Senior Director, Model Risk Management
Midigator
Sales & Business Development
Alpharetta, GA, USA
Posted on Mar 11, 2026
Equifax is seeking a seasoned and strategic leader to join our Data and Analytics Center of Excellence as the Senior Director, Model Risk Management. This is a critical leadership role responsible for independently validating and supervising a portfolio of statistical and advanced machine learning models and analytical solutions. This individual will lead a highly talented team of validators and serve as a key consultant on model risk matters across the organization.
Leadership & Management
- Equifax has a hybrid work schedule that allows for 2 days of remote work (Monday and Friday), with 3 days onsite (Tuesday, Wednesday, Thursday) every week.
- This role reports to our office in Alpharetta, Georgia OR midtown ATL (OAC).
- This position does not offer immigration sponsorship (current or future) including F-1 STEM OPT extension support.
- This is a direct-hire role and is not open to C2C or vendors.
Leadership & Management
- Lead, manage, and mentor a high-performing team of data scientists and reviewers, providing expert oversight for both Generative AI application review and rigorous model validation projects.
- Oversee the execution of multiple complex validation projects simultaneously, from test design to final delivery and communication.
- Serve as the primary technical lead for validating GenAI safety. Direct team members in identifying and mitigating complex risks such as model hallucinations, prompt injection, and data leakage.
- Foster a culture of critical thinking, continuous improvement, and effective risk management within the team.
- Collaborate with global partners to supervise validation projects, ensuring a consistent and technically sound approach to AI/Model Risk Management across non-direct reporting lines
- Lead and perform independent, deep-dive validations of complex models, focusing on the end-to-end design, implementation, and performance of Generative AI applications alongside traditional statistical models.
- Conduct deep-dive research into emerging analytical techniques and "LLM-as-a-judge" evaluation methods to stay ahead of the curve in validating Agentic AI and other non-deterministic systems.
- Develop and execute comprehensive validation test designs to assess model soundness and identify potential risks.
- Critically assess the completeness and accuracy of model documentation, code, and marketing materials.
- Develop and implement innovative validation approaches for complex and nontraditional models, including those with unstructured data and unique risk profiles.
- Serve as a trusted advisor to model developers, engineers, and business owners, providing expert guidance on model design, development and AI safety-by-design.
- Review and provide guidance on model monitoring plans and ongoing performance reports.
- Drive the enhancement of Model Risk Management procedures and standards to align with evolving regulatory requirements and industry best practices
- Collaborate with key stakeholders across the organization, including marketing, technology, legal, compliance, and business owners, to ensure a robust model risk governance framework.
- Respond to and manage inquiries from clients, internal auditors, and regulators regarding model risk matters.
- Master’s degree in a quantitative field such as statistics, data science, computer science, mathematics, economics, or finance. A PhD is strongly preferred.

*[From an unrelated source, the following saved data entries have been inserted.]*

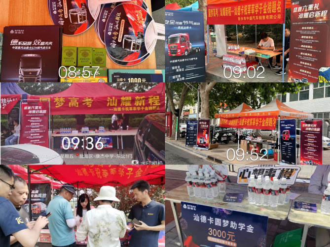 中国重汽汕德卡同样在高考期间为考生和家长送上关怀,在全国各地组建经销商服务队伍,深入考点一线,设立高考助考点,免费为考生及家长提供饮用水、药品等物资,为莘莘学子打造考场外的“温馨港湾”。
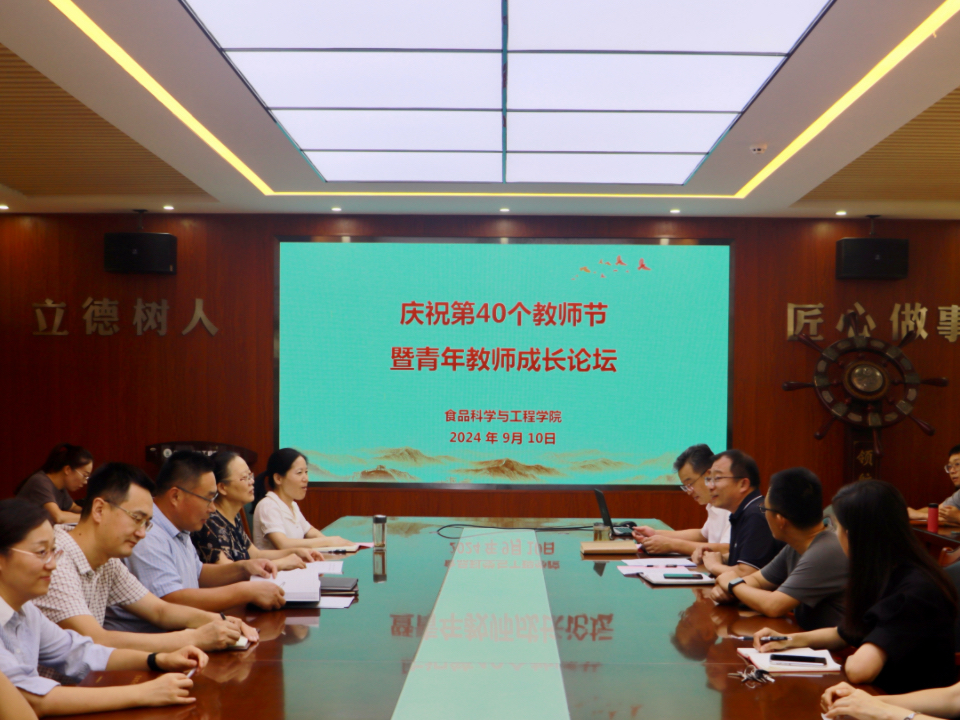 9月10日,tyc234cc 太阳成集团在食品楼310召开第四十个教师节座谈会暨青年教师成长论坛。此次座谈会的主题是“大力弘扬教育家精神,加快建设教育强国”。会议由学院党委副书记、副院长刘晓华主持,全体教师参会。
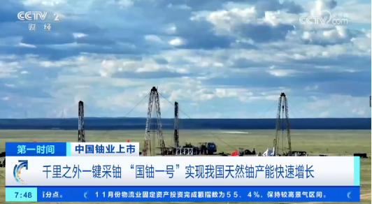 CCTV-2[第一时间]:中国铀业上市 千里之外一键采铀 “国铀一号”实现我国天然铀产能快速增长
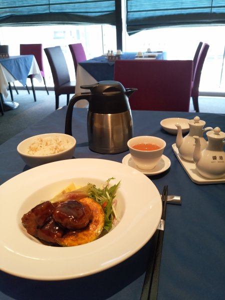 セットということでご飯がつきますが、五穀米に無料で変更して貰いました。そのほかには、スープ、香の物、本日の点心(しゅうまい2個)、目玉焼きのように見える杏仁豆腐でした。杏仁豆腐がひんやりと舌触りが良かったです。
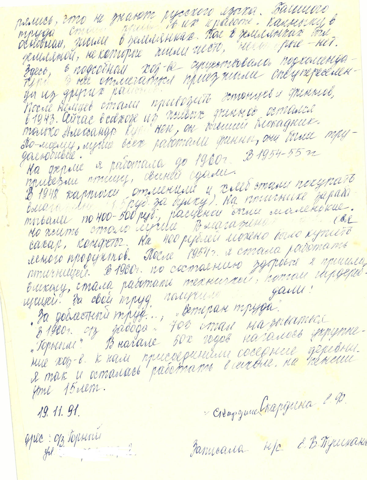 В 1960 г. с/з завода №703 стал называться “Горным”. В начале 50-ых годов началось укрупнение хозяйств, к нам присоединили соседние деревни. Я так и осталась работать в школе, на пенсии уже 15 лет.
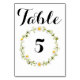 Watercolor chamomile flower wreath has small white flowers with yellow centres and green leaves. Customize table number
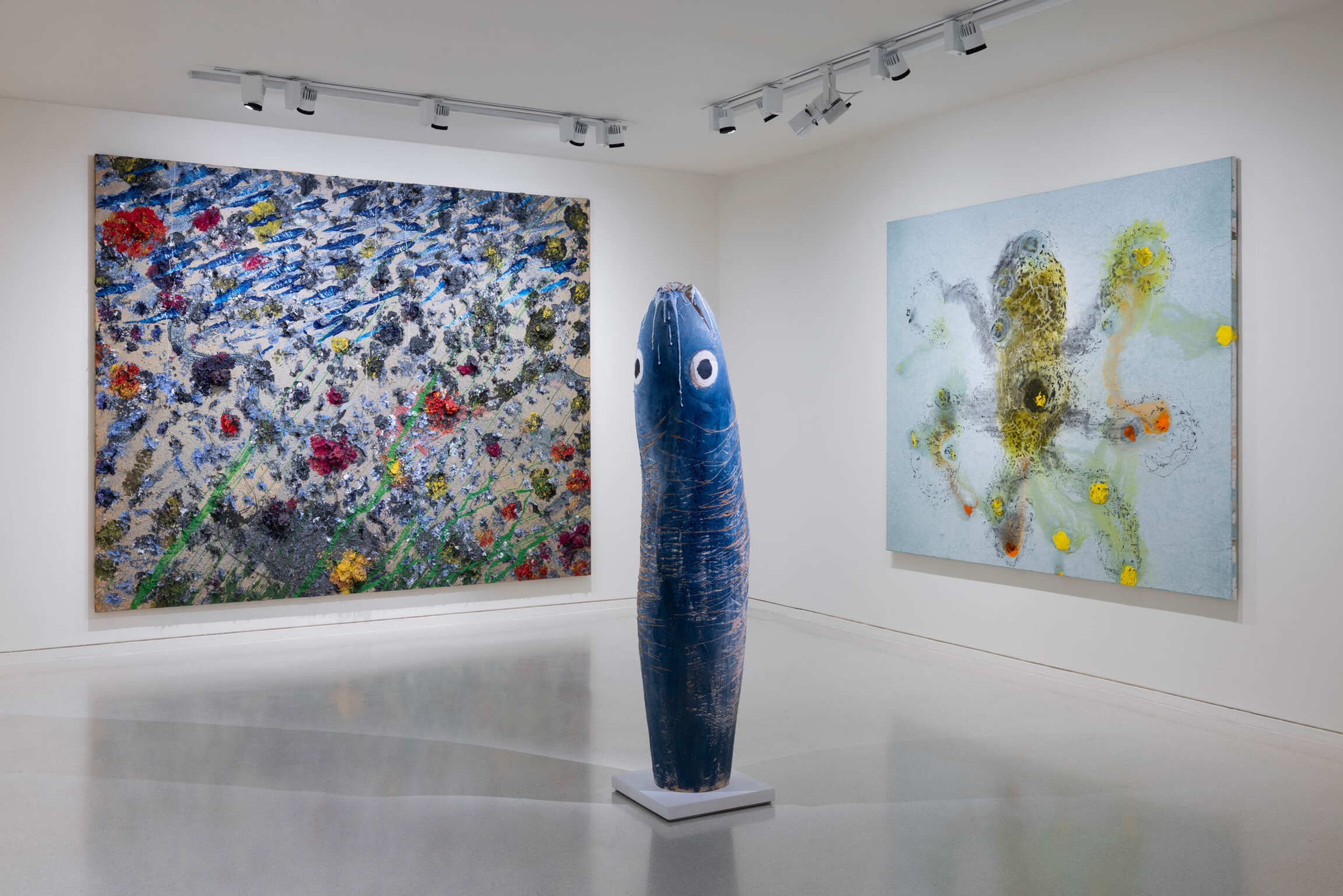 Often comparing painting to diving without breathing equipment, over the last fifty years he has created an ever-changing body of work in which the art of living is fused with nature and the most diverse influences converge. From the coastlines he visits, he brings back powerful seascapes. From the meals he eats, he derives still lifes that could not be more vigorous. From his underwater explorations, he returns with creatures and principles of symbiosis or biomorphism that allow him to extend his experiments with matter yet further.

- 7- 10 years of industry experience in predictive modeling, data science, or a related quantitative field. Prior experience with credit risk model development and/or validation is highly preferred.
- A minimum of 3 years of experience managing a highly talented team with 6 or more direct reports is preferred.
- Strong knowledge of and hands-on experience with a broad spectrum of modeling techniques, ranging from traditional statistical methods (e.g., Logistic Regression, Time Series, XGBoost) to advanced architecture including Deep Neural Networks.
- Generative AI, and Agentic AI frameworks are highly preferred.
- Extensive experience with Big Data environments and advanced computational processes.
- Demonstrated experience with model risk management and/or compliance is highly preferred.
- Proven ability to quickly grasp complex concepts and identify potential model issues or validation gaps.
- Proficiency with programming languages such as SAS, SQL, R, Python, Scala, and Spark.
- Hands-on experience with UNIX/LINUX and Google cloud environments.
- Experience as a Data Scientist in the banking industry.
- Exceptional critical thinking, problem-solving, and analytical skills.
- Excellent interpersonal, networking, verbal, and written communication skills, with a proven ability to write and edit high-quality technical reports.
- Highly detail-oriented, proactive, and efficient.